#### The data
/---
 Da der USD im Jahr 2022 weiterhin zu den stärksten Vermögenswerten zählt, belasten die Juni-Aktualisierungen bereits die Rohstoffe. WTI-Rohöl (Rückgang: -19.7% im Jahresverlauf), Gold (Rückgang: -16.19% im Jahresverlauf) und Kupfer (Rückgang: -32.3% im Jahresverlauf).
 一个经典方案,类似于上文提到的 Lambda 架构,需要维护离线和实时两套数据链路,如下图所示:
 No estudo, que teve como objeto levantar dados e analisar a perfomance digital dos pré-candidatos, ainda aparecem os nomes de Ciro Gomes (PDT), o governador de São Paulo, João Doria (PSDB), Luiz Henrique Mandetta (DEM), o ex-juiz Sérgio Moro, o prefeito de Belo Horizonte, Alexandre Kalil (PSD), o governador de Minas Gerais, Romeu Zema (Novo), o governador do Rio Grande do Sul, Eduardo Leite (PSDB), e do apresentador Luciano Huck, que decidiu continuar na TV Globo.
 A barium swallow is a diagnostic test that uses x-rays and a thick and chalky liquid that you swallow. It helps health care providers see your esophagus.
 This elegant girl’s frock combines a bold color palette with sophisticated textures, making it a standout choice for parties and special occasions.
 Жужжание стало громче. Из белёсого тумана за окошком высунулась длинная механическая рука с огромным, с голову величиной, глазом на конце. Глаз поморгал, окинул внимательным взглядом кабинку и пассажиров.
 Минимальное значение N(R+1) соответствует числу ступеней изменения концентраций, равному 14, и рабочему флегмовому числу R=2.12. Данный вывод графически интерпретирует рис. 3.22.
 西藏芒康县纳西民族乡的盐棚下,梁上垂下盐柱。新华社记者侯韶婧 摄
\---
/---
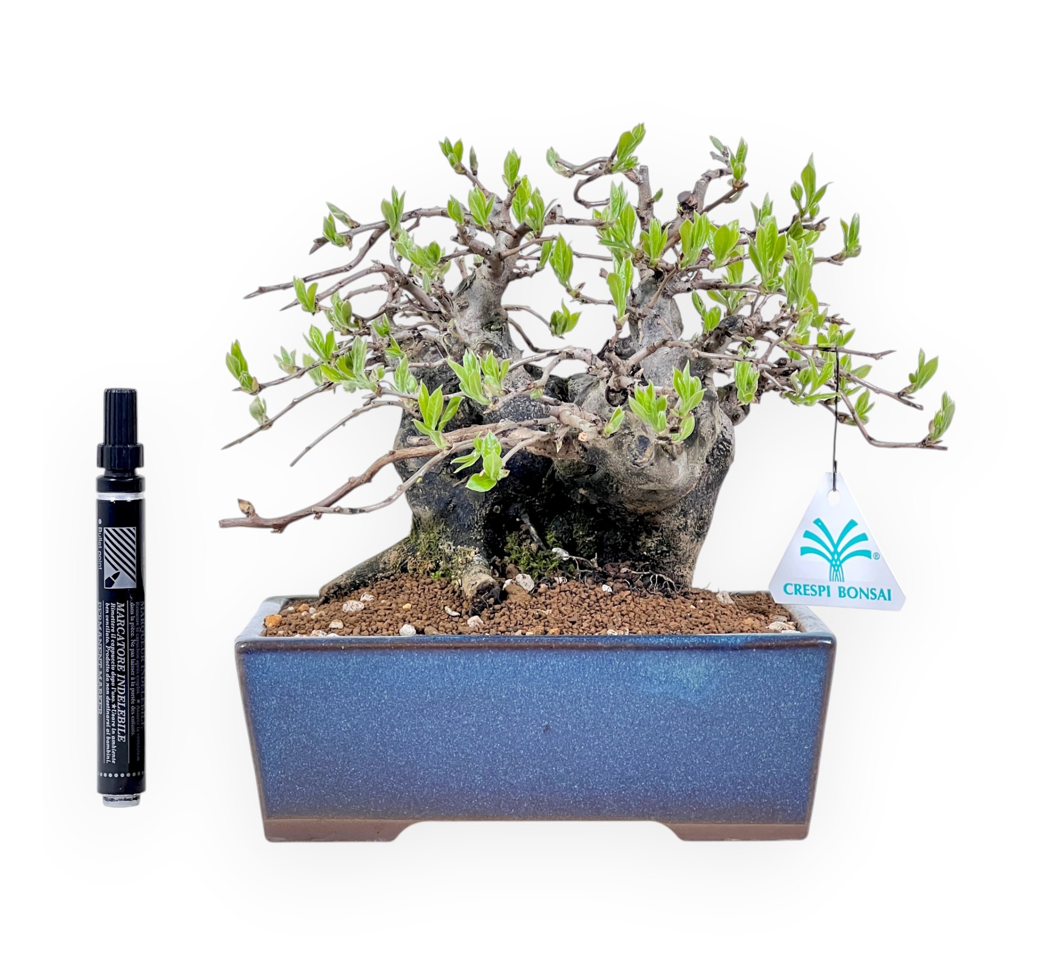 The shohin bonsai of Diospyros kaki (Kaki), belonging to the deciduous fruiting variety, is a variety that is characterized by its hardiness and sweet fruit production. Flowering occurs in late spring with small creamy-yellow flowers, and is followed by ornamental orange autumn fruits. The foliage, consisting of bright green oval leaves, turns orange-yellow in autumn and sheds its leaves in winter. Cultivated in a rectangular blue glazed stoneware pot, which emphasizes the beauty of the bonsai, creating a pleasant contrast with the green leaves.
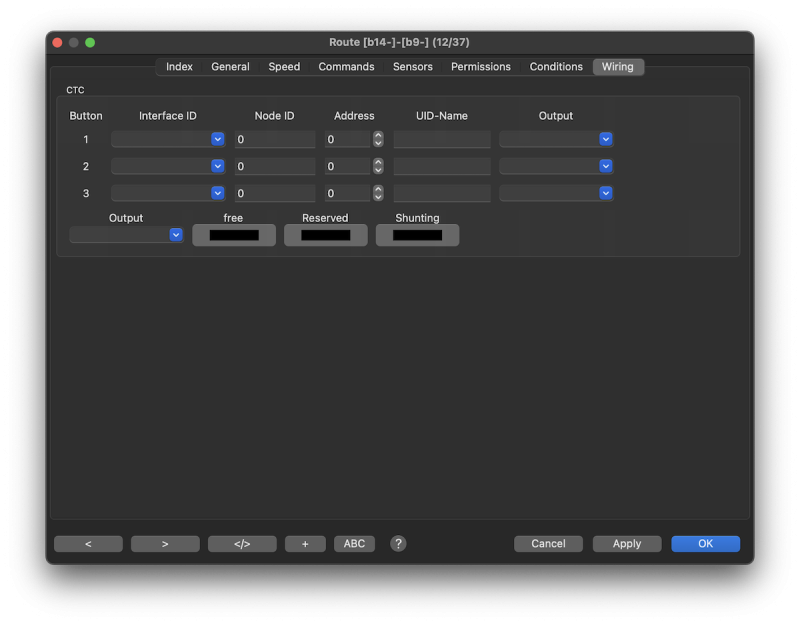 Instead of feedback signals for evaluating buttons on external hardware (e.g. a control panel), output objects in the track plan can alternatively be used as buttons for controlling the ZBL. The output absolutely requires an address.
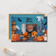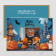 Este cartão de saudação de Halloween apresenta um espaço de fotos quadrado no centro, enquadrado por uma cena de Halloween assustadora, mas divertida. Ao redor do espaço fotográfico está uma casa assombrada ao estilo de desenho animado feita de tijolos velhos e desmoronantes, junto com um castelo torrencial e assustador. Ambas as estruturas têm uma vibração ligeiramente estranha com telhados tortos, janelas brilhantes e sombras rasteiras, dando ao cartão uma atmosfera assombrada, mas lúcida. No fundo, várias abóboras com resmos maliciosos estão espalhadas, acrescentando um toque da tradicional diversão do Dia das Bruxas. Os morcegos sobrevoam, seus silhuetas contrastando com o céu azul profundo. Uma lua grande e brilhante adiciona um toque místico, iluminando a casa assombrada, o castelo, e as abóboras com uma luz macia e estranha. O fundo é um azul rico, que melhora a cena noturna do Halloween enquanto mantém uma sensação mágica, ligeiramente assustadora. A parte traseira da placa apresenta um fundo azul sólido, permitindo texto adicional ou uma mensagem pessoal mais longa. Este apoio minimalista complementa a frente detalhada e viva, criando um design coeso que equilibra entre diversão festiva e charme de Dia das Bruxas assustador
\---
/---
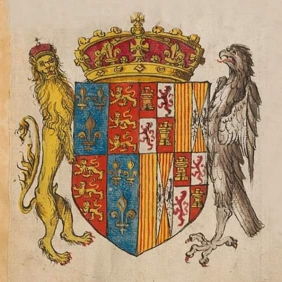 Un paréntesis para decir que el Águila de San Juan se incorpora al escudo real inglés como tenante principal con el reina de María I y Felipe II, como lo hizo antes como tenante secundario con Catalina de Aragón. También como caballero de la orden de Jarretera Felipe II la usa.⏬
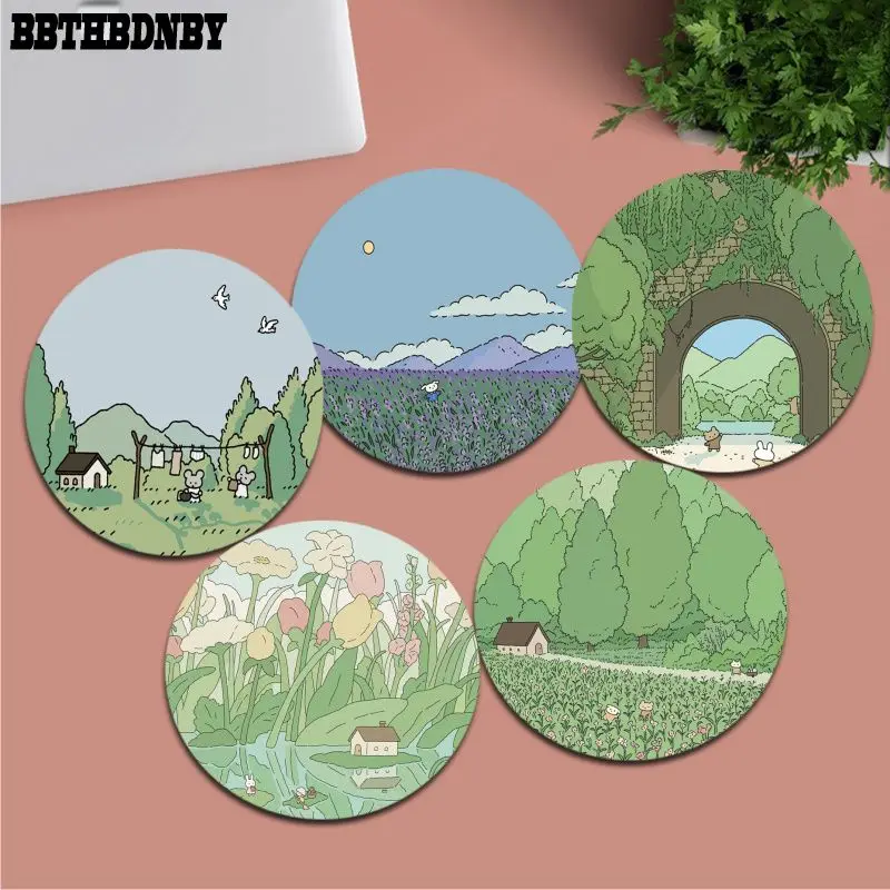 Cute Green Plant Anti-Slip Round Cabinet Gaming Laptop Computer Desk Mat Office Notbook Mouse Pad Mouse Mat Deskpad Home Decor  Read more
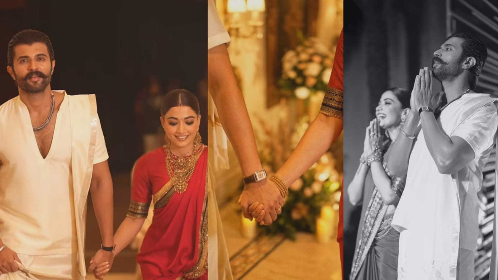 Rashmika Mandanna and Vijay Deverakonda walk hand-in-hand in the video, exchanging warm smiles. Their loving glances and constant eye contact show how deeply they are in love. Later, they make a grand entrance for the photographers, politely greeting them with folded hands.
\---
#### Exercise
Given the records above, return the lines starting at the one that holds "Cute Green Plant" and ending at the one that holds "Rashmika Mandanna and", exactly, and nothing besides; leave every picture out.

#### Answer section
 Cute Green Plant Anti-Slip Round Cabinet Gaming Laptop Computer Desk Mat Office Notbook Mouse Pad Mouse Mat Deskpad Home Decor  Read more
 Rashmika Mandanna and Vijay Deverakonda walk hand-in-hand in the video, exchanging warm smiles. Their loving glances and constant eye contact show how deeply they are in love. Later, they make a grand entrance for the photographers, politely greeting them with folded hands.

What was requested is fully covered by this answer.